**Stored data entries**
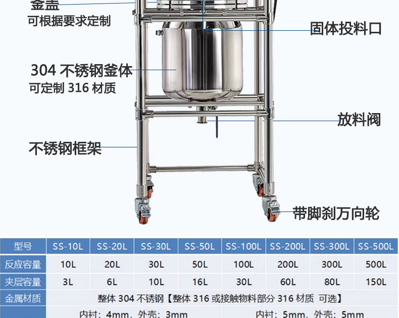 Лабораторный реактор из нержавеющей стали, двойной электрический нагрев, смешивающий бак, малый высокотемпературный и высоконапорный реактор для химического синтеза
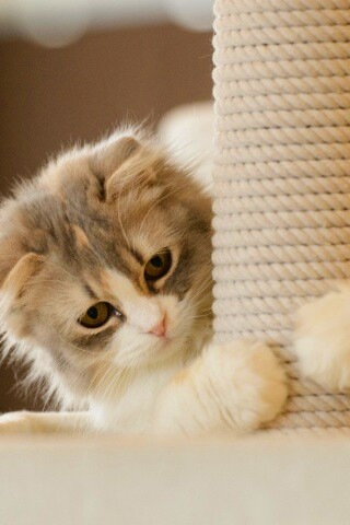 «Пушистая кошка с когтеточкой»
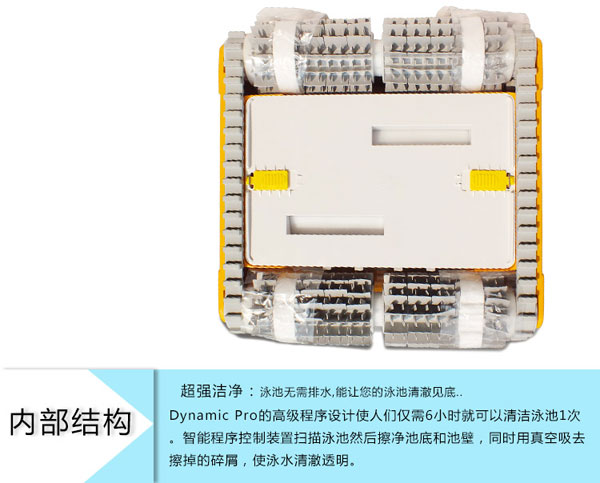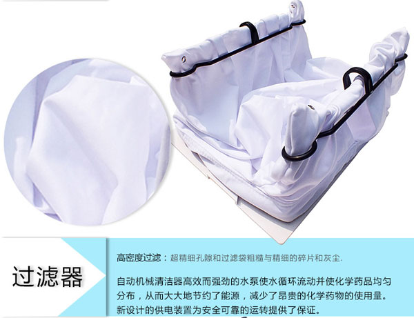 3、同時(shí)過濾袋指示燈讓我們知道何時(shí)要傾倒袋中的雜物。工作周期短,高級(jí)程序設(shè)計(jì)使人們僅需6小 時(shí)就可以清潔泳池一次。
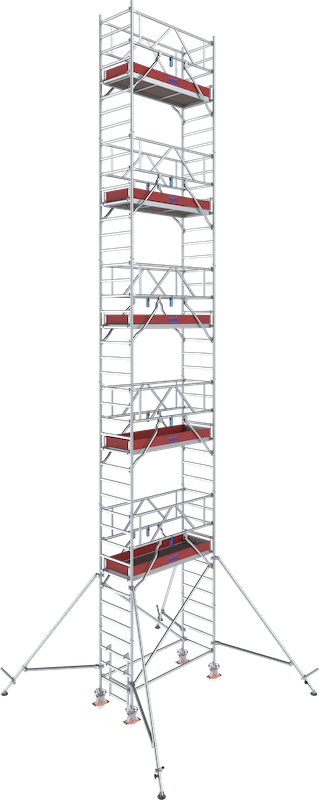 - Das universelle Alu-Fahrgerüst für Arbeiten bis zu einer Arbeitshöhe von 14,30 m (bei Gerüstfeldlänge 2,00 m bis 12,30 m)
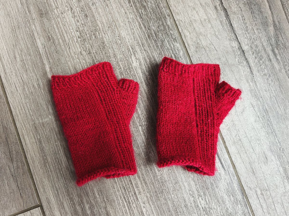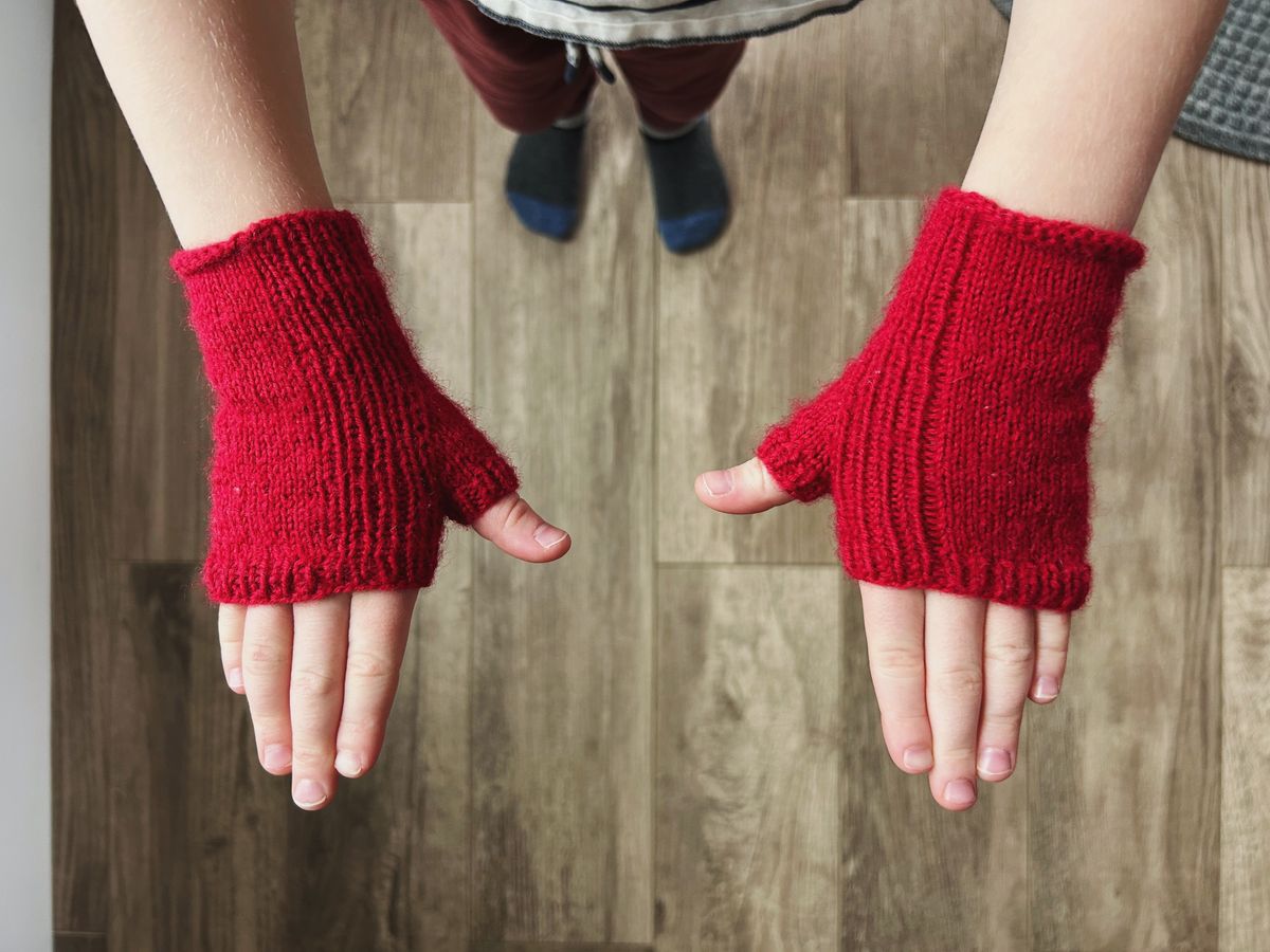And once Finn's pair was done, I cast on a pair for Cooper, this time in a red, per his request, but also in Paton's Kroy socks. I used the same needles and stitch count, but altered the lengths a bit to fit his larger hands. He was also thrilled with his pair of fingerless mitts, though they haven't seen the laughable amount of wear that Finn's have, as of yet. For details on Cooper's pair, see my ravelry project page.
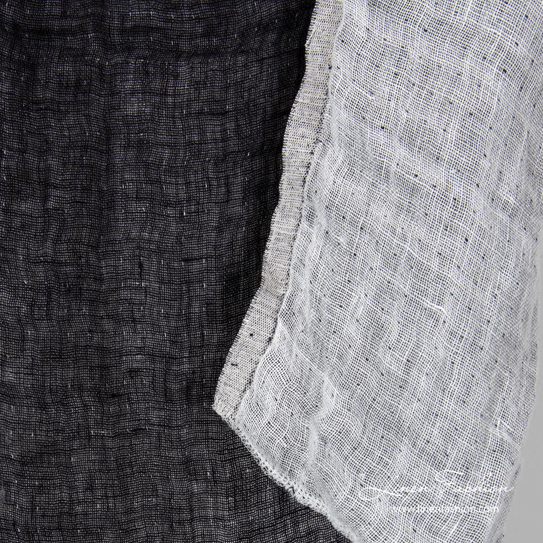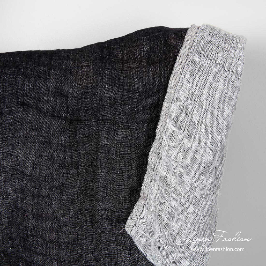 Praná kockovaná ľanová látka tmavomodrá s otvorenou väzbou
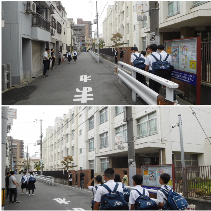 朝登校のようすです。本日はテスト2日目(最終日)です。がんばりましょう。
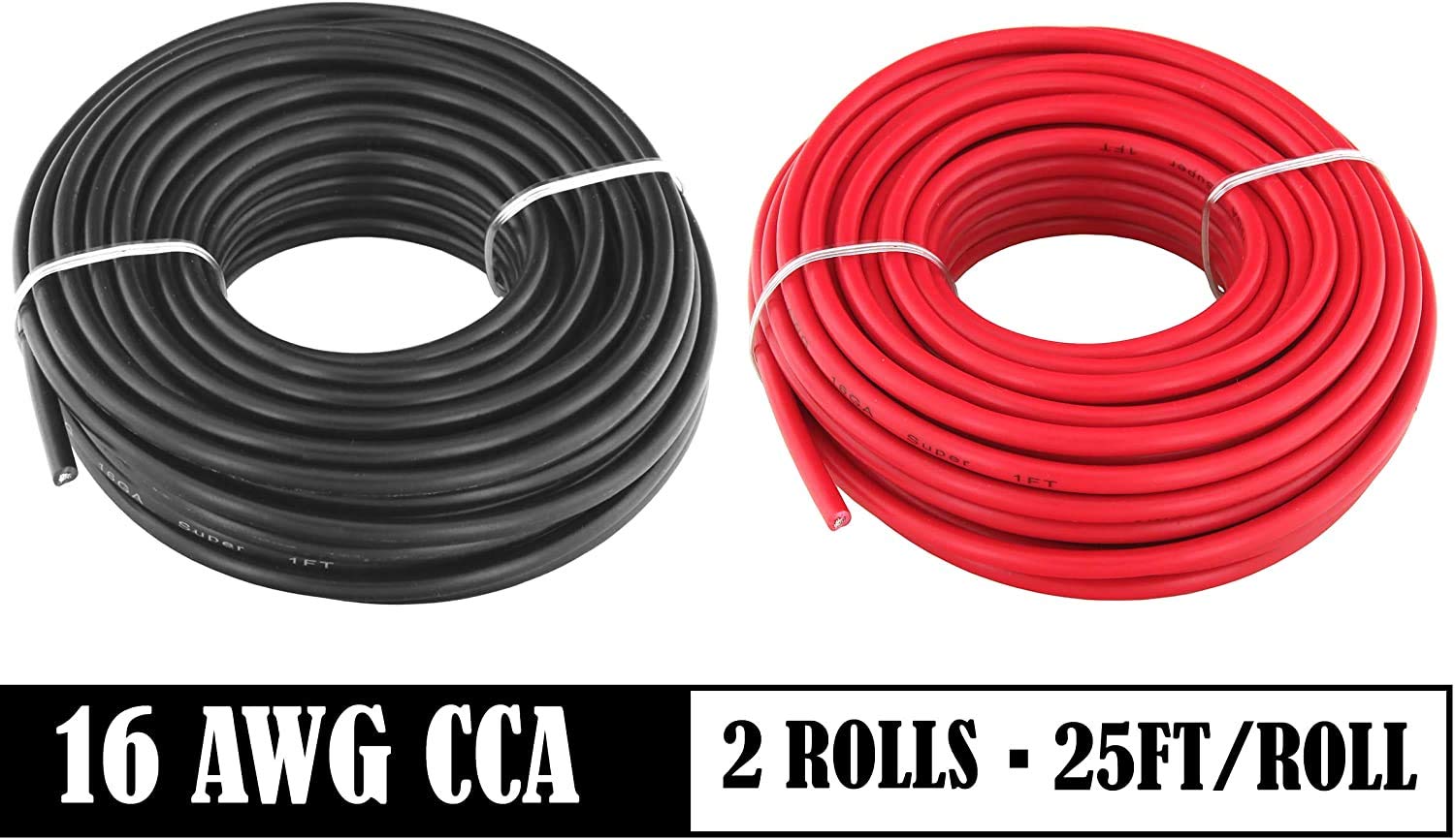 Primary automotive wire: 16 AWG wire x 2 rolls, 16Ga wire in 25ft roll total of 50ft. This electrical wire comes conveniently in black and red rolls. Speaker wire 16 gauge.

**Activity**
Since the copy should hold text only, set down each record exactly and leave the pictures out.

**Expected output**
 Лабораторный реактор из нержавеющей стали, двойной электрический нагрев, смешивающий бак, малый высокотемпературный и высоконапорный реактор для химического синтеза
 «Пушистая кошка с когтеточкой»
 3、同時(shí)過濾袋指示燈讓我們知道何時(shí)要傾倒袋中的雜物。工作周期短,高級(jí)程序設(shè)計(jì)使人們僅需6小 時(shí)就可以清潔泳池一次。
 - Das universelle Alu-Fahrgerüst für Arbeiten bis zu einer Arbeitshöhe von 14,30 m (bei Gerüstfeldlänge 2,00 m bis 12,30 m)
And once Finn's pair was done, I cast on a pair for Cooper, this time in a red, per his request, but also in Paton's Kroy socks. I used the same needles and stitch count, but altered the lengths a bit to fit his larger hands. He was also thrilled with his pair of fingerless mitts, though they haven't seen the laughable amount of wear that Finn's have, as of yet. For details on Cooper's pair, see my ravelry project page.
 Praná kockovaná ľanová látka tmavomodrá s otvorenou väzbou
 朝登校のようすです。本日はテスト2日目(最終日)です。がんばりましょう。
 Primary automotive wire: 16 AWG wire x 2 rolls, 16Ga wire in 25ft roll total of 50ft. This electrical wire comes conveniently in black and red rolls. Speaker wire 16 gauge.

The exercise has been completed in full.